- _Exercise prompt_
Skip all pictures, then copy the lines from the start of the data through the line with "A person is", keeping both ends.

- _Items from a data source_
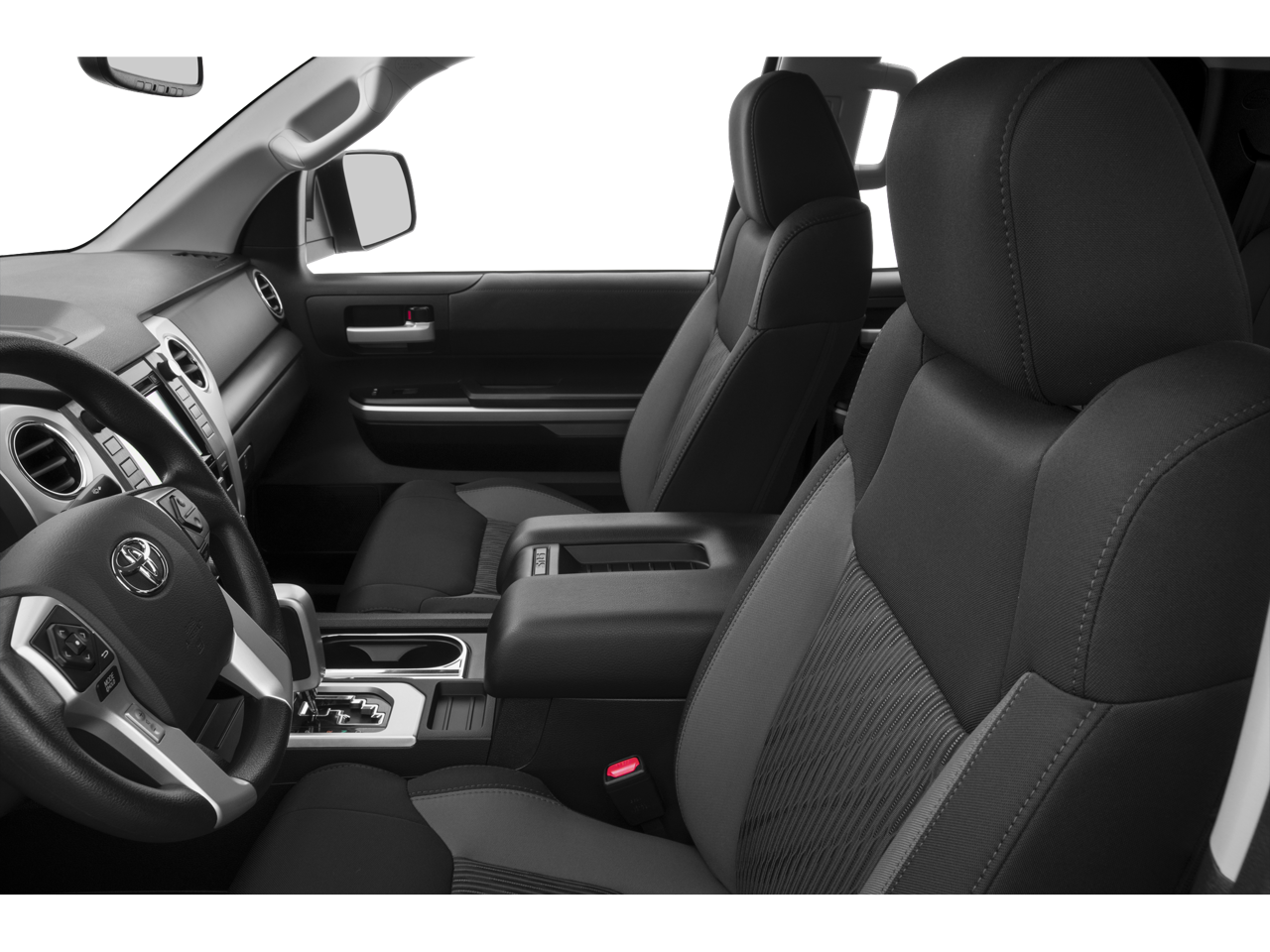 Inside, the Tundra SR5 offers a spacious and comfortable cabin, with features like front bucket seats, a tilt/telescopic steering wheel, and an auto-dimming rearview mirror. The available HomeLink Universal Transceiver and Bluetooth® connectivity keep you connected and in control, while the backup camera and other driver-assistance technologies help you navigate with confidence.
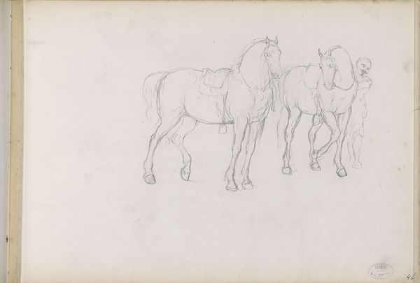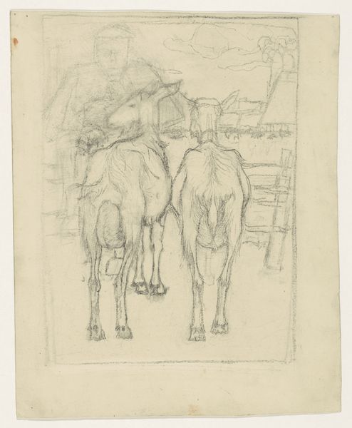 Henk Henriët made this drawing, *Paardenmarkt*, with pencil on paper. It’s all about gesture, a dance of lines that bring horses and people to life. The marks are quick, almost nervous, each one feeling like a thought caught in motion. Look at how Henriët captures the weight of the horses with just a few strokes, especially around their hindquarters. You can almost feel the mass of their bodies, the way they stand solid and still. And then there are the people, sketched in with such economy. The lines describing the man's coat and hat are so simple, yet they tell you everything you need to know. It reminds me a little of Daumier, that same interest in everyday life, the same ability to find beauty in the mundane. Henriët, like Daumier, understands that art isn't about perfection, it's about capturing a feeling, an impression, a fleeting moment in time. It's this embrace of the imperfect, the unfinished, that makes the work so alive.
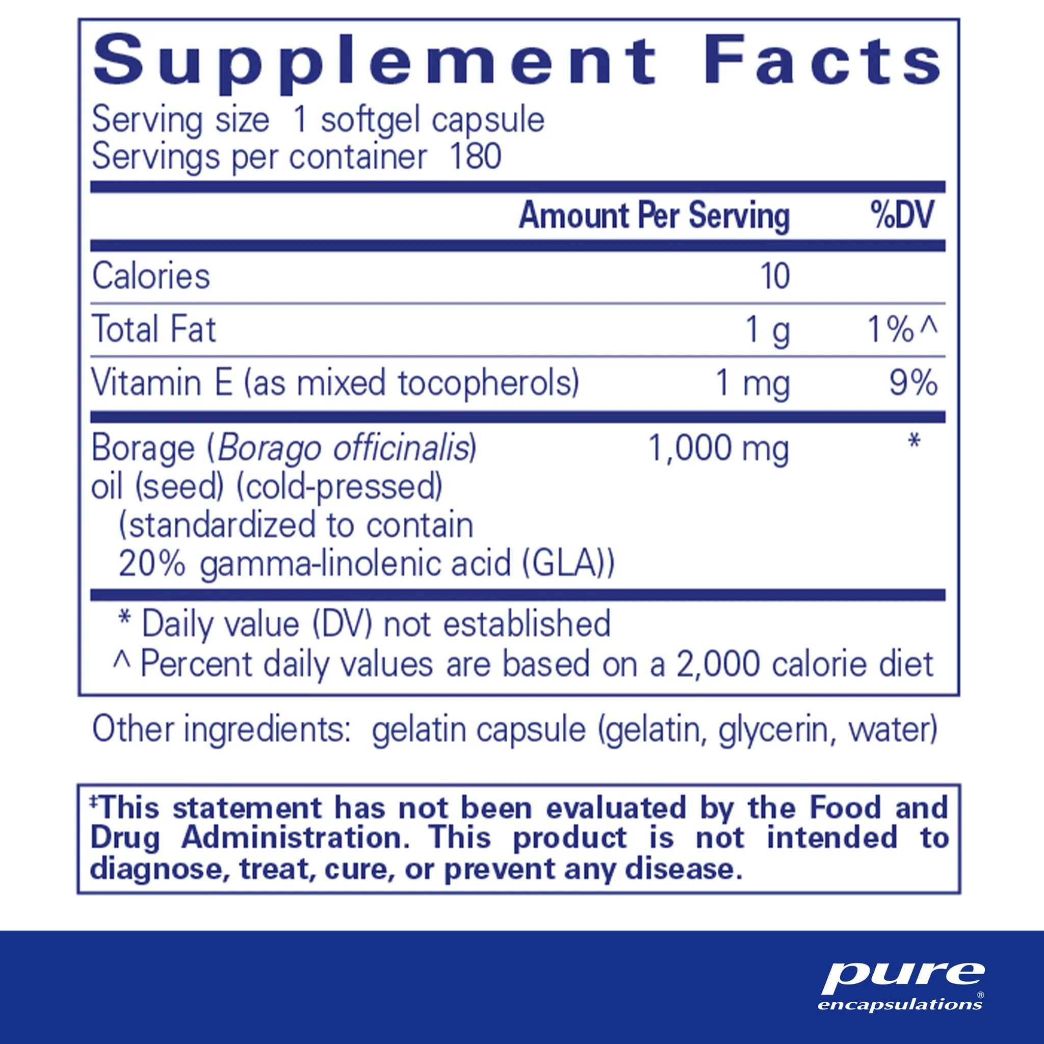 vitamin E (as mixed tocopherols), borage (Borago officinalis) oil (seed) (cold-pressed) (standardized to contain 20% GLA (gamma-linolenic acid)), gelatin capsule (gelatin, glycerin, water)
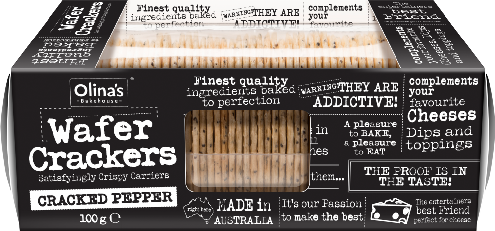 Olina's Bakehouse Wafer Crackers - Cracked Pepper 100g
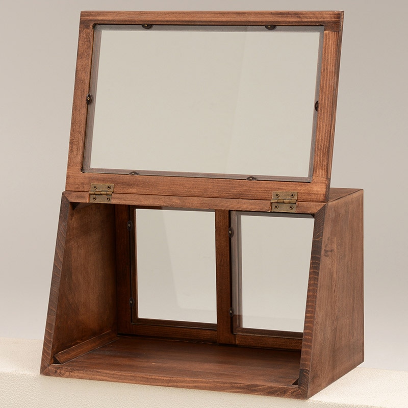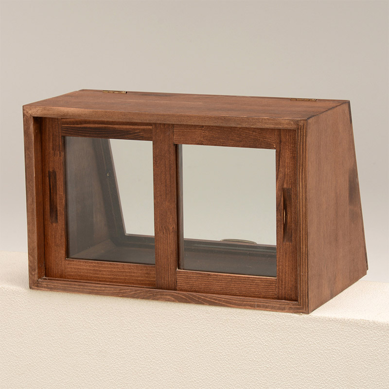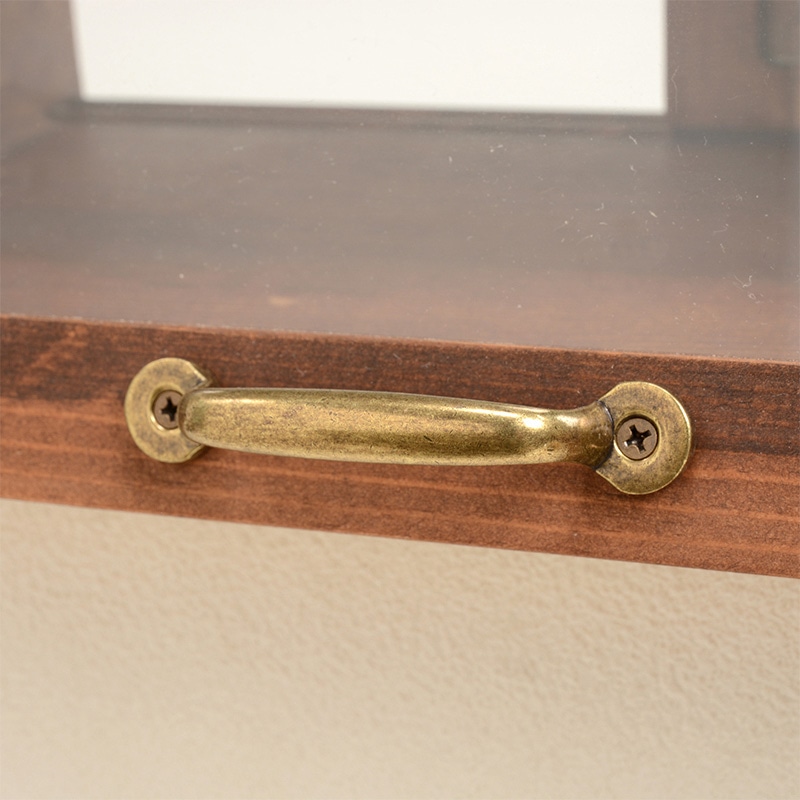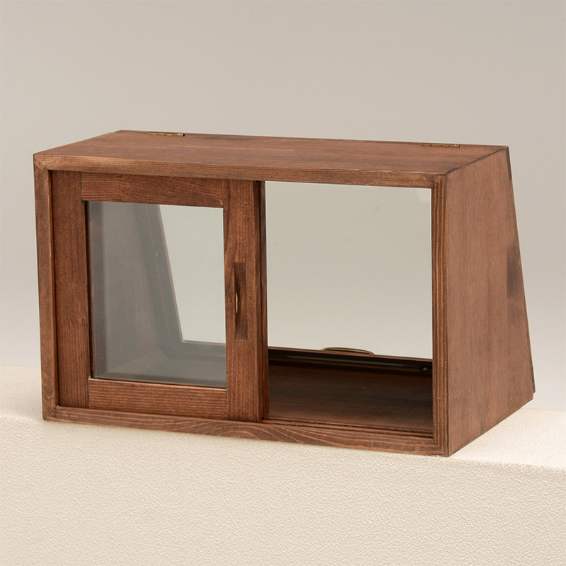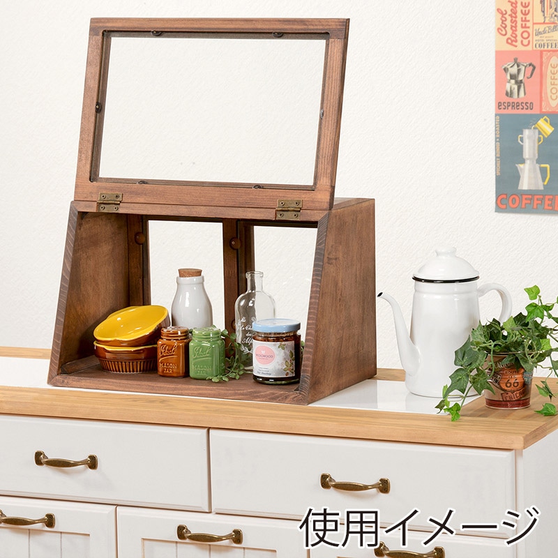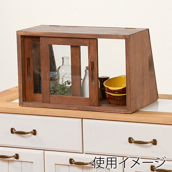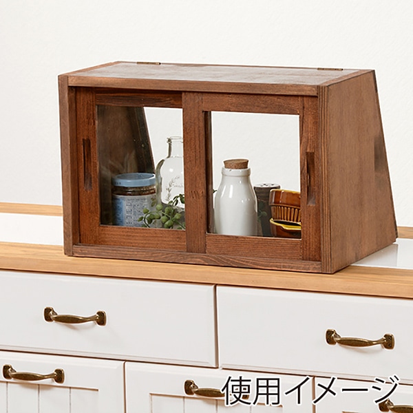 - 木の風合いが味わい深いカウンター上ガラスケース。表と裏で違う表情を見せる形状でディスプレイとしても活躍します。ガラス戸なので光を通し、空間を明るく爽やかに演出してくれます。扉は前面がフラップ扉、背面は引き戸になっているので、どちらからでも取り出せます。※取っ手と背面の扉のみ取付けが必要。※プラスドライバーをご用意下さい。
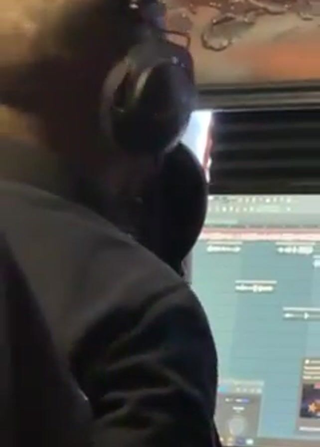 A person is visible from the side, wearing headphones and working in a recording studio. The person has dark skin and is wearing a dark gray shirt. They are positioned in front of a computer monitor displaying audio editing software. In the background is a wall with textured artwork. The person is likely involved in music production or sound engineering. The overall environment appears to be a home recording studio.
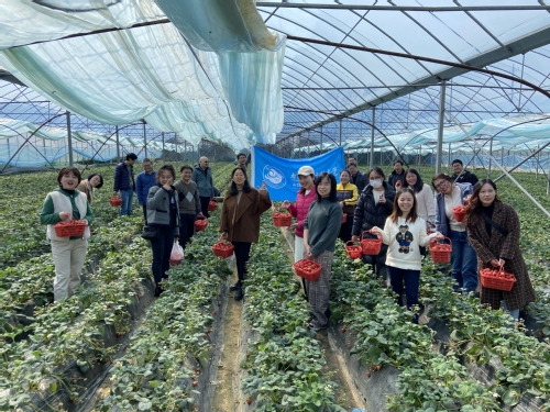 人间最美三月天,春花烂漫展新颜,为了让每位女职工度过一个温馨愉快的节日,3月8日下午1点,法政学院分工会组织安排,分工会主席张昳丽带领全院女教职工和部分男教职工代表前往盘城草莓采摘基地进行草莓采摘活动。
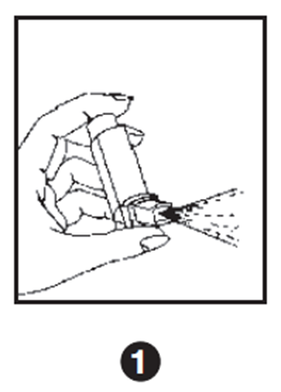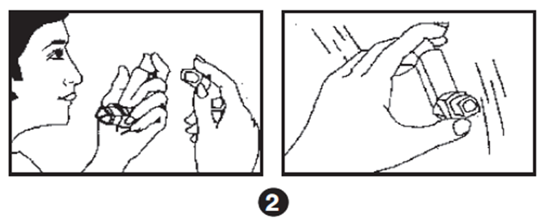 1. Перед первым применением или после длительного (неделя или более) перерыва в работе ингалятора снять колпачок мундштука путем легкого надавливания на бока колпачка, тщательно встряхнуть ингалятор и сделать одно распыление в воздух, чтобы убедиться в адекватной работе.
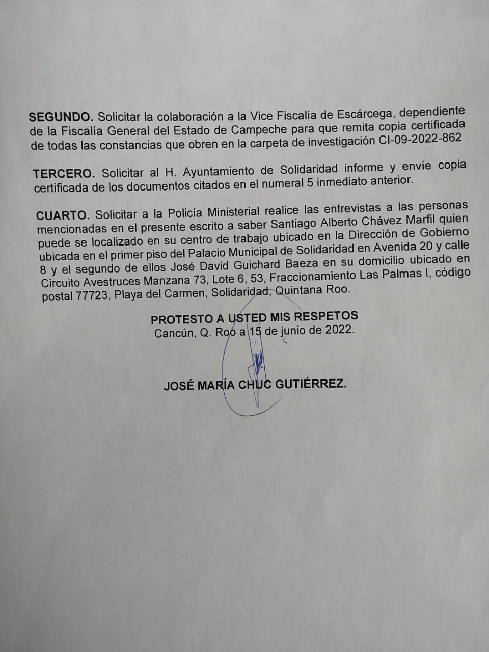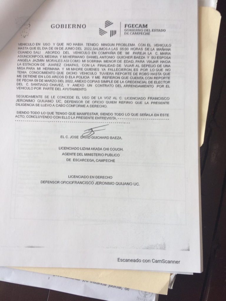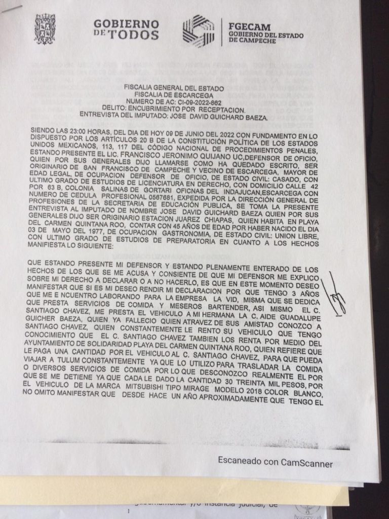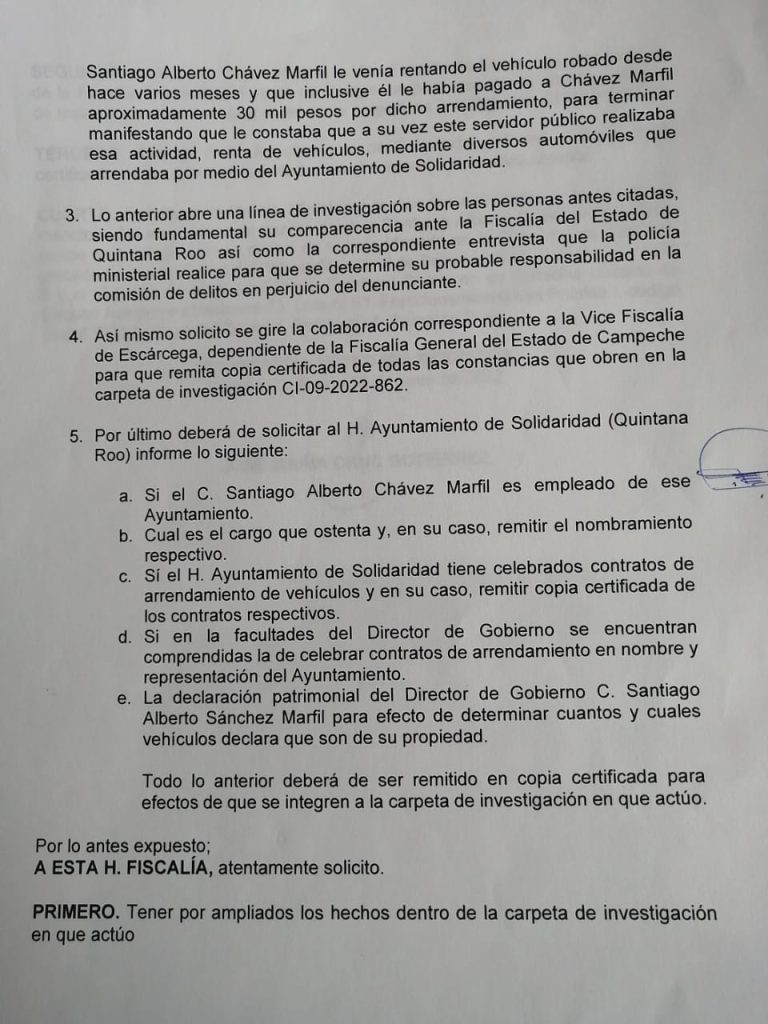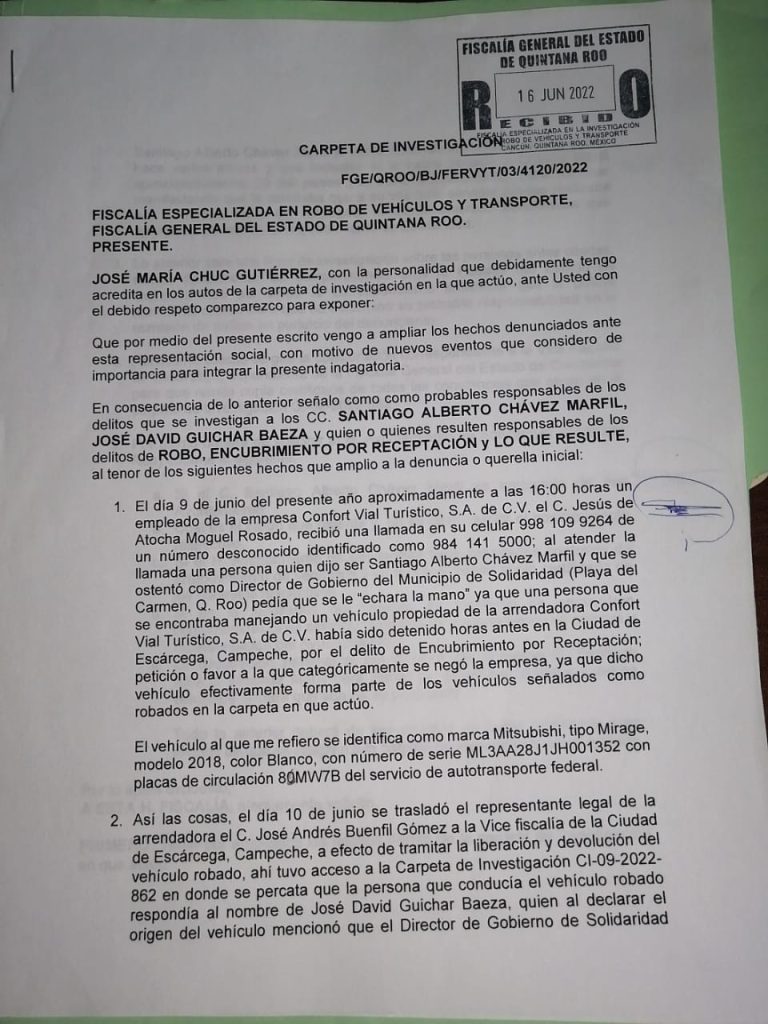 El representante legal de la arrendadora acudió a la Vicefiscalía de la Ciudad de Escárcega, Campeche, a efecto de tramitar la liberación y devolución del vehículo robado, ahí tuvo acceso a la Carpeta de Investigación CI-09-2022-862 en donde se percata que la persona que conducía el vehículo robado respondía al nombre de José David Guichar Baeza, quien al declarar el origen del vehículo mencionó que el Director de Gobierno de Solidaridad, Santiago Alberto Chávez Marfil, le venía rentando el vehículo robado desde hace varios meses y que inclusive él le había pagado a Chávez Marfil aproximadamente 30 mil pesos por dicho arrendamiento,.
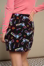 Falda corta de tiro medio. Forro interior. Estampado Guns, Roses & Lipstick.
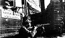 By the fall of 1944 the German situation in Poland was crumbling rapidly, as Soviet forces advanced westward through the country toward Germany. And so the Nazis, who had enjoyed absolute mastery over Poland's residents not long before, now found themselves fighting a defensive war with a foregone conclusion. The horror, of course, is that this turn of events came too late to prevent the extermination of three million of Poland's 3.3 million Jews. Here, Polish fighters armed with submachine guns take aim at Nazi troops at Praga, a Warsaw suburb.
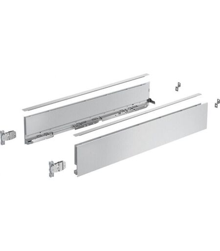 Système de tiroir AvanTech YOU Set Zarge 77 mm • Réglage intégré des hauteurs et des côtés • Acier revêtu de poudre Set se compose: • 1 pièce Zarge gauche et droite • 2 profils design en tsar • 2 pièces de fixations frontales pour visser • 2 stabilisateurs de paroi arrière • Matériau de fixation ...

- _Task output_
 Inside, the Tundra SR5 offers a spacious and comfortable cabin, with features like front bucket seats, a tilt/telescopic steering wheel, and an auto-dimming rearview mirror. The available HomeLink Universal Transceiver and Bluetooth® connectivity keep you connected and in control, while the backup camera and other driver-assistance technologies help you navigate with confidence.
 Henk Henriët made this drawing, *Paardenmarkt*, with pencil on paper. It’s all about gesture, a dance of lines that bring horses and people to life. The marks are quick, almost nervous, each one feeling like a thought caught in motion. Look at how Henriët captures the weight of the horses with just a few strokes, especially around their hindquarters. You can almost feel the mass of their bodies, the way they stand solid and still. And then there are the people, sketched in with such economy. The lines describing the man's coat and hat are so simple, yet they tell you everything you need to know. It reminds me a little of Daumier, that same interest in everyday life, the same ability to find beauty in the mundane. Henriët, like Daumier, understands that art isn't about perfection, it's about capturing a feeling, an impression, a fleeting moment in time. It's this embrace of the imperfect, the unfinished, that makes the work so alive.
 vitamin E (as mixed tocopherols), borage (Borago officinalis) oil (seed) (cold-pressed) (standardized to contain 20% GLA (gamma-linolenic acid)), gelatin capsule (gelatin, glycerin, water)
 Olina's Bakehouse Wafer Crackers - Cracked Pepper 100g
 - 木の風合いが味わい深いカウンター上ガラスケース。表と裏で違う表情を見せる形状でディスプレイとしても活躍します。ガラス戸なので光を通し、空間を明るく爽やかに演出してくれます。扉は前面がフラップ扉、背面は引き戸になっているので、どちらからでも取り出せます。※取っ手と背面の扉のみ取付けが必要。※プラスドライバーをご用意下さい。
 A person is visible from the side, wearing headphones and working in a recording studio. The person has dark skin and is wearing a dark gray shirt. They are positioned in front of a computer monitor displaying audio editing software. In the background is a wall with textured artwork. The person is likely involved in music production or sound engineering. The overall environment appears to be a home recording studio.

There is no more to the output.